HD is caused by an abnormal expansion of CAG-triplets in the huntingtin gene. Carriers of this mutated HD gene typically first develop symptoms in their mid-thirties to mid-forties, but age of onset for HD ranges from early childhood to the seventies and eighties. Little is known on the natural history of late-onset HD. The aims of this project are to characterize the phenotype and to determine the progression of patients with late-onset HD.
Huntington’s disease causes of death: a prospective observational study
It is well known that Huntington's disease (HD) patients experience premature death. Nevertheless, HD mortality has not been extensively studied and additional knowledge on causes of death is important to plan care and supportive services for HD patients and their families.
With this study we propose to evaluate HD patients causes and places of death, the time between symptoms onset/diagnosis and death and the overall survival of HD patients. Additionally, we intend to determine the influence of demographics, family history, genotype, phenotype, medication and co-morbidities on the above-mentioned variables.

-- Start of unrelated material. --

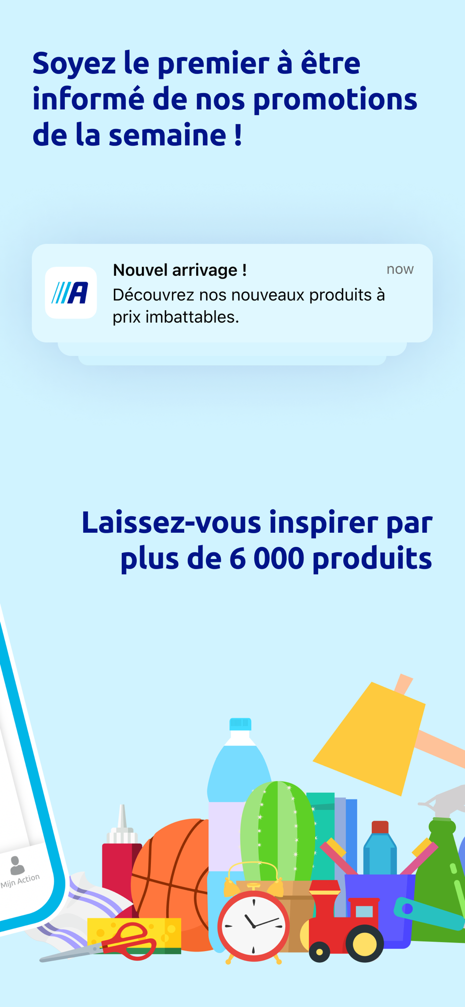 L'application Action vous permet d'accéder 24h/24, 7j/7 à tout ce que vous trouverez habituellement dans votre magasin Action préféré. Vous serez le premier informé de nos promotions de la semaine et de nos derniers arrivages. Vous avez vu un produit qui vous plaît - ou dont vous avez besoin ? Ajoutez-le à votre liste de favoris ! Vous ne manquerez plus jamais d'offres alléchantes ! Pratique, non ? Téléchargez l'application et laissez-vous inspirer par toutes ses fonctionnalités aussi utiles que sympas !

Suicidal ideation and behaviour in a European Huntington’s disease population
In this study we aim to identify the lifetime prevalence, incidence rate, and severity of suicidal ideation and behaviour according to the Columbia Suicide Severity Rating Scale (C-SSRS) in the Registry population. Furthermore, we also aim to determine sociodemographic, clinical, and neuropsychiatric associations and predictors of suicidal ideation and behaviour.

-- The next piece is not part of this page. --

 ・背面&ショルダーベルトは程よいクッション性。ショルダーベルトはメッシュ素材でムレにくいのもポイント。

Using Registry data to inform choice of outcome measures and optimal design of future clinical trials in Huntington’s Disease
The aim of this project is to use statistical modelling of
longitudinal data from the Registry cohort to inform the design of
future randomised controlled trials in Huntington?s Disease. The project
will explore the potential of a range of functional, cognitive, and
motor score variables as possible clinical trial outcomes. Questions
concerning the optimal length of trials, the ideal frequency of interim
visits, the best inclusion criteria and the merits of alternative
designs such as those in which all patients are ultimately given an
active treatment, will all be addressed.
Data quality in REGISTRY: completeness, plausibility and the effect of monitoring
REGISTRY, EHDN’s observational study, collects phenotypic and
biological data. REGISTRY aims for high quality data. To this end,
REGISTRY adheres to the principles of GCP, similar to a clinical
trial, and employs data monitoring. This project aims to appraise
critically 1) data quality, and 2) the quality control measures
employed in REGISTRY. First we will evaluate the completeness of data
entered into the data base. Second, we wish to use the data to define
what is ‘plausible’. Third, we wish to examine the effect of
monitoring on the above. The outcome will help 1) define what is good
quality data 2) improve the monitoring process.

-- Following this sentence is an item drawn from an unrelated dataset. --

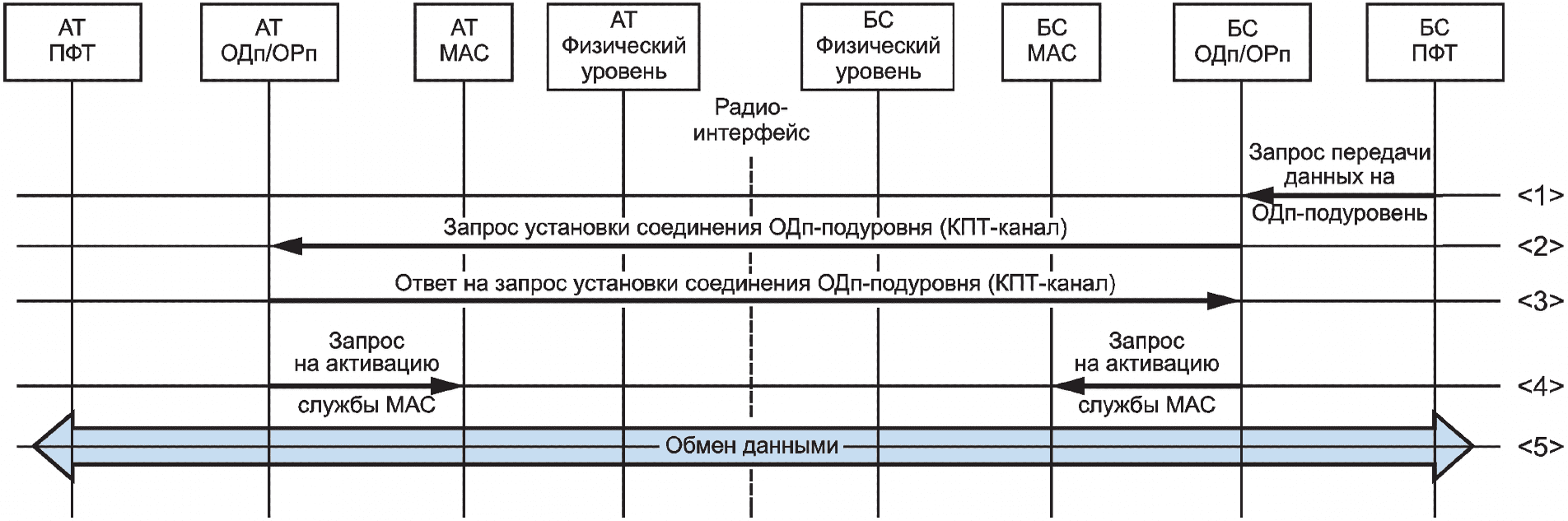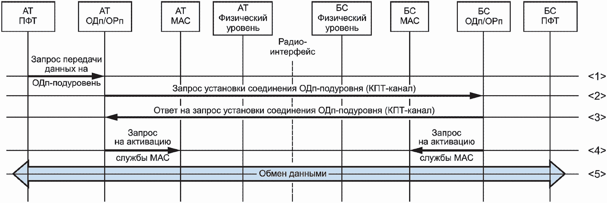 АТ/БС | TОДп_УСТ | Интервал времени, в течение которого АТ/БС после передачи сообщения "Запрос установки соединения ОДп-подуровня" ожидает ответа | 12 кадров |

Defining the phenotype of Huntington’s disease in Europe: The European Huntington's disease Network Registry Study
Registry aims to study the natural history and clinical care of individuals affected by and at risk of developing Huntington’s disease. The establishment of this cohort will facilitate trials of putative HD treatments and will enable meaningful analysis of both major topics requiring large absolute sample sizes, and topics requiring smaller numbers of patients from subgroups of interest across centres. The organisation of Registry together with its emphasis on the collection of high quality of data has never been done in this way. Therefore, the focus of our analyses will be to describe the main characteristics of the population sample and the type and quality of data collection. In summary, this report will aim to provide an overview of the scale, scope and potential of Registry.